Often the data design process is different for developers. Many data professionals, including myself, normally follow this process for designing a database from a set of business requirements:
- Pull out nouns and verbs
- Arrange nouns into entities
- Further divide nouns into "Parent" and "Child" entities
- Apply structures such as tables, data types and constraints to entities
- Verbs become relationships between entities
This is called "Database-First" design and is common among data professionals. But many developers use a different process called "Model-First" or a "Domain-Driven Development Process." Using this process, developers create code, often using Object-Oriented designs, which then drive out "Classes." A class in this context looks a lot like an entity or table to a database professional, but it lacks things like Primary and Foreign Keys, might have different data types, and any RDBMS programming logic is not contained in the class definition.
These classes are often created using Object-Role Modeling (ORM) or other tools, using frameworks from Java or the Entity Framework in .NET programming. So you'll often see these data designs look vastly different from an RDBMS database model — the normalization is different, and Referential Integrity might be placed in the programming layer, called Programmatic Referential Integrity or PRI as opposed to the database program making sure that people can't insert, update or delete incorrectly, called Declarative Referential Integrity or DRI. Whereas you and I would create constraints like Keys or CHECK objects to make sure a number entered falls within a certain range, a developer will just code that right into the program. Often their assumption is that no one can access the data layer except through their program, where a data professional might make the same data source available to other programs, reporting systems and so on.
Often this causes a conflict. The developers might start work on a project, and the data professionals are brought in after the initial design. At that point, the data team wants to begin a database design effort, and in some cases the developers are already past that stage. Everyone has commendable goals — the data professional wants to ensure the safety, stability and integrity of the data, and the developers want fast programs and programming methodologies that don't have time to design the data down to this level of granularity.
Enter "NoSQL." This is a fairly new term that originally indicated that the Structured Query Language (SQL) was not the interface to this class of data storage and retrieval.

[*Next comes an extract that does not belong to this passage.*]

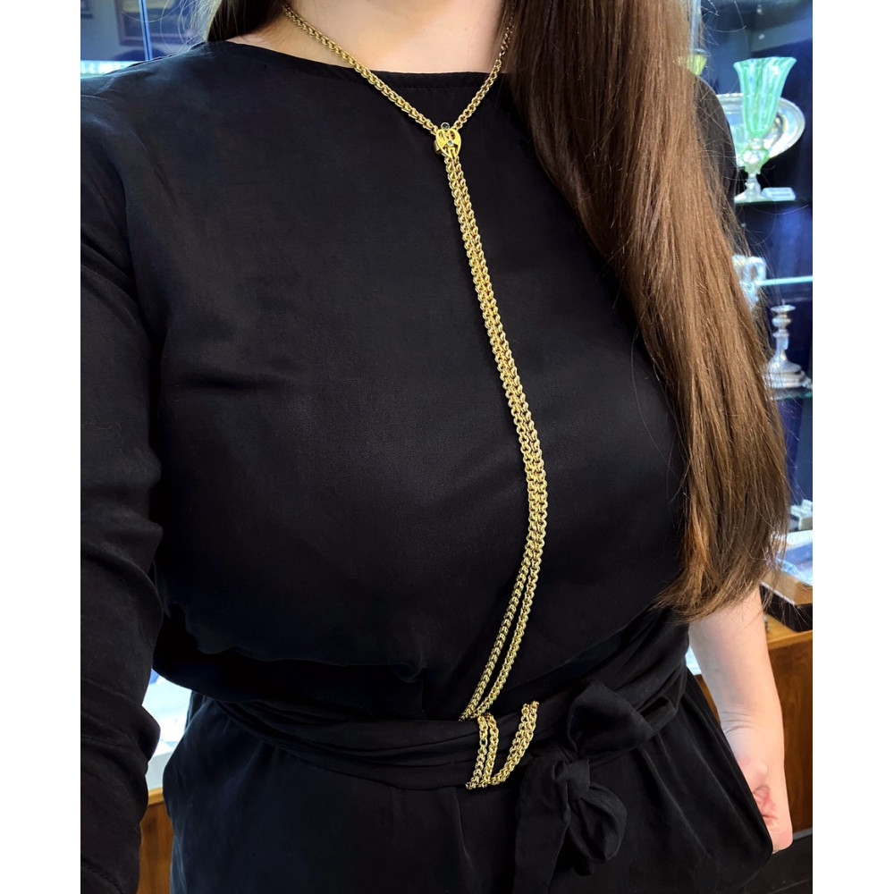 152 cm dlouhý řetěz, šatlén, zhotovený ze sytě žlutého 14karátového zlata. Posuvný jezdec na řetězu v secesním designu je osazen syntetickým rubínkem. Předmět je značen rakousko-uherským puncem "liška" a písmenem "C" (puncováno v Praze).

After much questioning from the SQL community that was trying to make sense of it all, some in the NoSQL community stated that the name meant "Not Only SQL."
Once you begin to peel back the terminology arguments, however, the NoSQL offerings can become confusing very quickly. There is a mix of exactly what the products do with a discussion of how they do it, and a new one seems to be released every couple of months of so. It can be a challenge to find out which one is in vogue at any given time or company.
Developers don't actually care about or use the term "NoSQL" very often — they simply want a quick way to lay out a set of classes and map them back to a reliable, fast, widely scalable data engine. Since most of the NoSQL products are aligned to development methods. The developer simply creates their classes for data, and calls the engine's Application Programming Interface (API) to read or write data (updates are merely writes). In some cases, these API's can be called from an HTTP string — more about that in other books and articles.
But why should the data professional care about NoSQL? Shouldn't we focus on making sure our systems are performing well, have good security, and are optimized? Well, the primary reason we should care is because we should be data stewards, not just tied to a single platform. We need to help the organization handle data in whatever form it works, and however it best suits them.
You also need to care because this methodology is very attractive to developers. If they toss up a NoSQL system, they no longer need to deal with the data team — they simply code and go. They'll explain to the business teams that companies like Google and Twitter use a NoSQL implementation, and those systems are large, and inexpensive. Those are things that resonate well with business people. If you understand how the NoSQL implementations work, you can become part of the process — using it where it makes sense, and calling out the times where an RDBMS might be more suited to a particular task.
In this overview, I'll briefly describe the rationale behind NoSQL databases, how they differ from an RDBMS, and where folks are using them.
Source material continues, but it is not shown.